Here is their offa pages. One really cool thing to look at is to go to the "vertical pedigree" (right above their name) and it will show you the clearance history for 3 generations back. You can click on each of elbows, hips, eyes, cardiac, etc and see what is behind the dog. It is pretty neat, especially because you can see siblings of those generations.

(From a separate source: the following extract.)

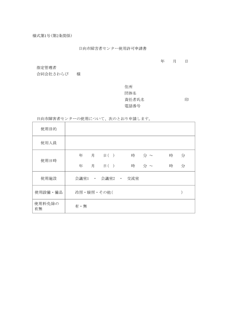 なお、障がい者団体(規則で定める市長が認める団体)が使用する場合は、使用料を減免します。
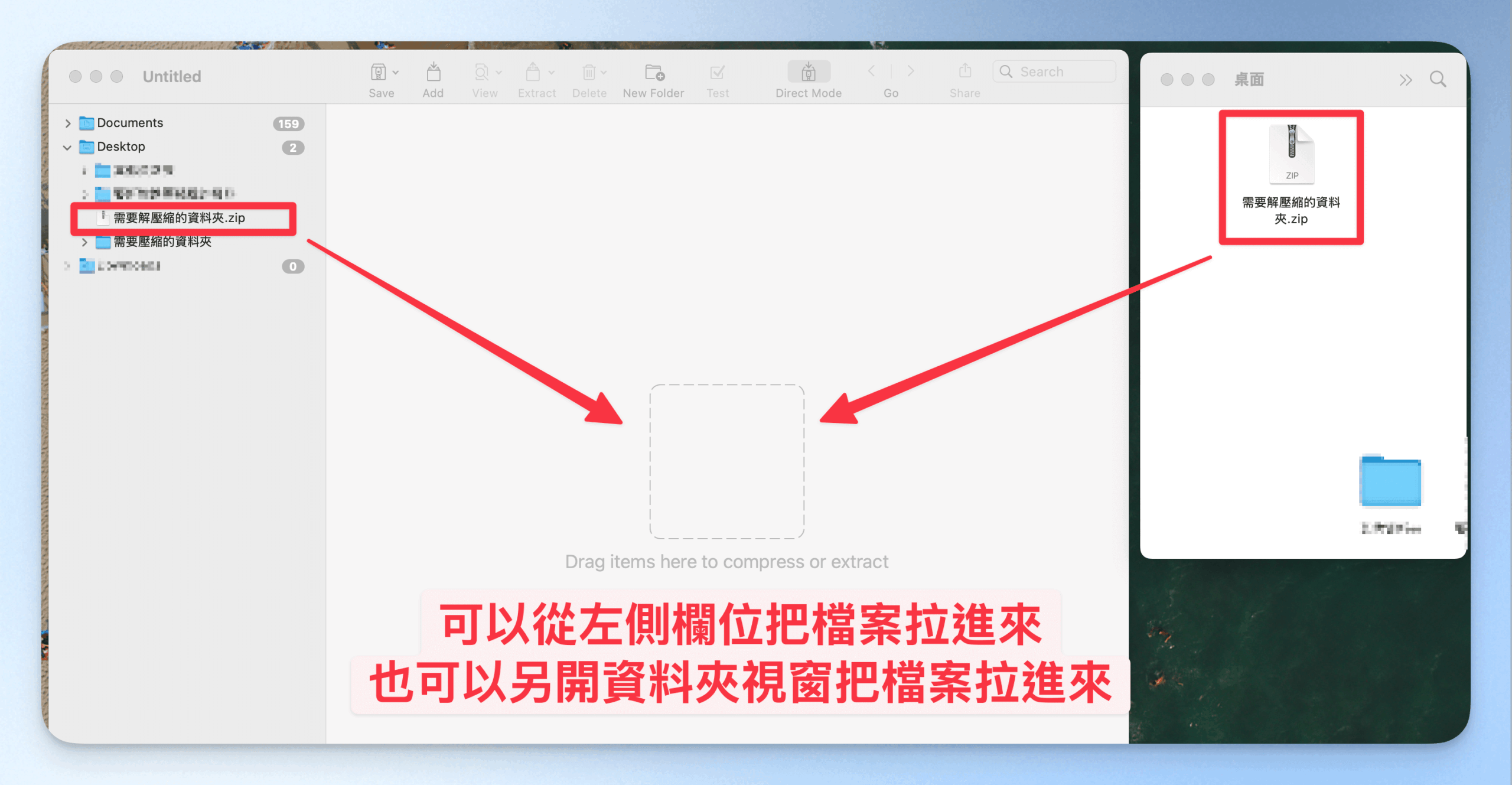 把檔案拖曳進 BetterZip 的虛線框框中step 2

One thing to keep in mind is that the cardiologist requirement (by the GRCA COE -code of ethics for breeding) only came into play in the last 10 years, maybe 15, I am not exactly sure. So you may see some older dogs that are practitioner or specialist, and they were in compliance with the COE at the time. Even so, the dogs being bred should have a cardiologist clearance, by the COE.

Edit- forgot the link
Alice:Orthopedic Foundation for Animals
Bumper:http://www.offa.org/display.html?appnum=1472839#animal

And I was backwards, it is the sire, bumper, that has the practitioner cardiac. Not that dam as I originally posted


----------



## DanaRuns (Sep 29, 2012)

I like Bumper.


----------



## lhowemt (Jun 28, 2013)

I edited my post, it is Bumper with the cardiac specialist.


----------



## bvgoldens (Dec 8, 2014)

There were enough complaints so Birch Hollow deleted the picture of Banjo and inserted a picture of Que. They had been using that picture of Banjo for years. Seems very misleading to puppy buyers. Glad they changed it.


----------



## John Rundle (Feb 2, 2017)

I know this is an old post, but we just got a dog from Jan. And I found her through this forum. So, I'm very grateful. The pup we got is calm, smart and great looking, and Jan was just fantastic during the entire process. I can't say enough good things about her and how she cares for her dogs. All the paperwork on the parents was in order. We're thrilled.


----------